Agriculture Reference
In-Depth Information
Dehydrogenase (DHA) activity typically occurs in all viable microbial cells (Gianfreda et
al., 2005). Thus, its measurement is usually related to the presence of viable microorganisms
and their oxidative ability has been often used as a functional indicator of soil health. DHA is
related to a group of intracellular enzymes that are present in active soil microorganisms. This
enzyme is found in all living organisms and takes part in many metabolic reactions involved
in oxidative energy transfer in microbes. As dehydrogenases are not active as extracellular
enzymes in the soil, the management of DHA has been used as a good overall indicator of
microbial activity and of the capacity of microbes to oxidize soil organic matter (Bolton et al.,
1985; Dick, 1997). Several studies have demonstrated that dehydrogenase enzyme activity of
microorganisms is among the most sensitive parameters for the evaluation of toxicity (Shen et
al., 2005).
In this chapter, dehydrogenase activity was determined using a method developed by
Casida et al. (1964) using as subtract triphenyltetrazolium chloride (TTC) and glucose. After
24 hours of incubation triphenylformazan formed (TPF) from TTC was extracted with
methanol. According to Obbard et al. (2001) substrate-induced DHA was found to be a
sensitive assay for determining metal effects on the physiologically active soil microbial
biomass. The precision of the assay allows evaluating, separately, effects due to pH,
contaminant concentration and other soil properties.
DHA activity varied significantly (P< 0.05) between control soil and BA and BD soils
(Figure 4), being the DHA activity in BC soil 2 times higher. This finding is in agreement
with (Trasar-Cepeda et al. 2000) who reported less dehydrogenase activity in metal-
contaminated soil than in a similar uncontaminated soil, and with Marzadori et al. (1996) who
stated that dehydrogenase activity was inhibited by the toxic effects of heavy metals,
particularly Pb. Dar (1996) also reported a decrease in dehydrogenase activity at 50 mg Cd
kg
-1
in a laboratory study.
DHA activity appears to depend on the type of pollutant; for example, it is high in soils
polluted with pulp and paper mill effluents and low in soils polluted with fly ash (Trasar-
Cepeda et al., 2000). Nevertheless, several studies have demonstrated that dehydrogenase
enzymatic activity of microorganisms is among the most sensitive parameters for evaluation
of toxicity (12), and that may be the reason why dehydrogenases activity are a frequently used
test for determining the influence of various pollutants (heavy metals, pesticide, crude oil,
etc.) on the microbiological quality of soil (Margesin et al., 2002).

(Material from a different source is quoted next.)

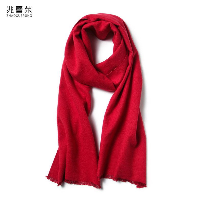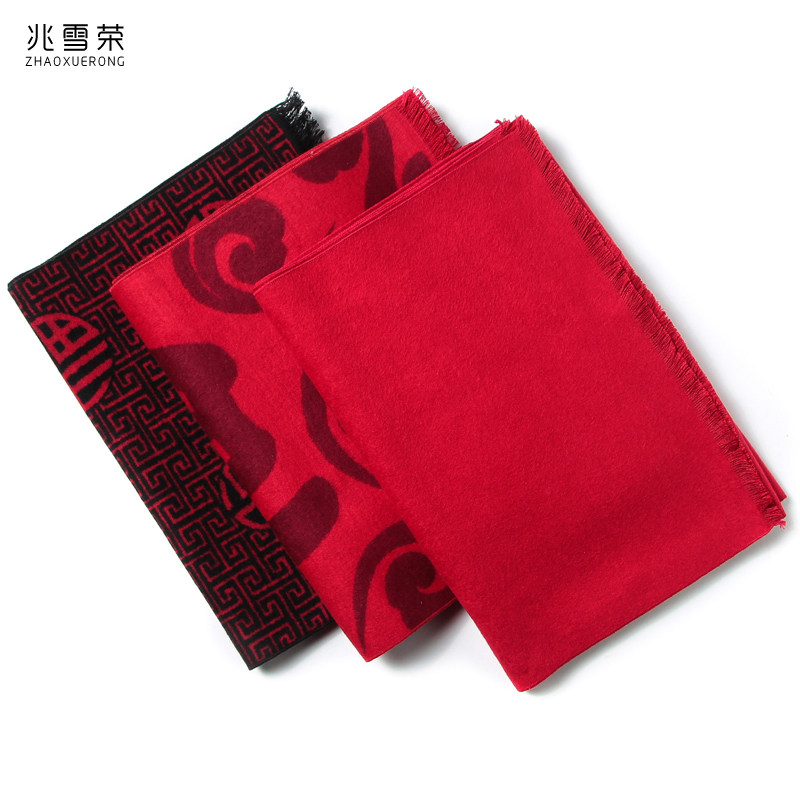 围巾桑蚕丝大红色真丝年会

The fluorescein diacetate hydrolysis (FDAH) assay measures the hydrolytic enzyme
activities of microbial populations and can provide an estimate of overall microbial activity in
an environmental sample (Adam and Duncan, 2001; Bandick et al., 1999; Burns, 1982). The
assay is considered non-specific because it is sensitive to the activity of several enzyme
classes including urease, lipases, phosphatases, glucosidase, esterases and proteases (Bandick
et al, 1999; Hayano and Tubakai, 1985). The enzymes responsible for Fluorescein diacetate
(FDA) hydrolysis are plentiful in the soil environment, and are involved in the decomposition
of many types of tissues (Adam and Duncan, 2001). The ability to hydrolyse FDA thus seems
widespread, especially among the major decomposers, bacteria and fungi. Generally more tan
90% of the energy flow in a soil system passes through microbial decomposers, therefore an
assay which measures microbial decomposing activity will provide a good estimate of total
microbial activity (Adam and Duncan, 2001).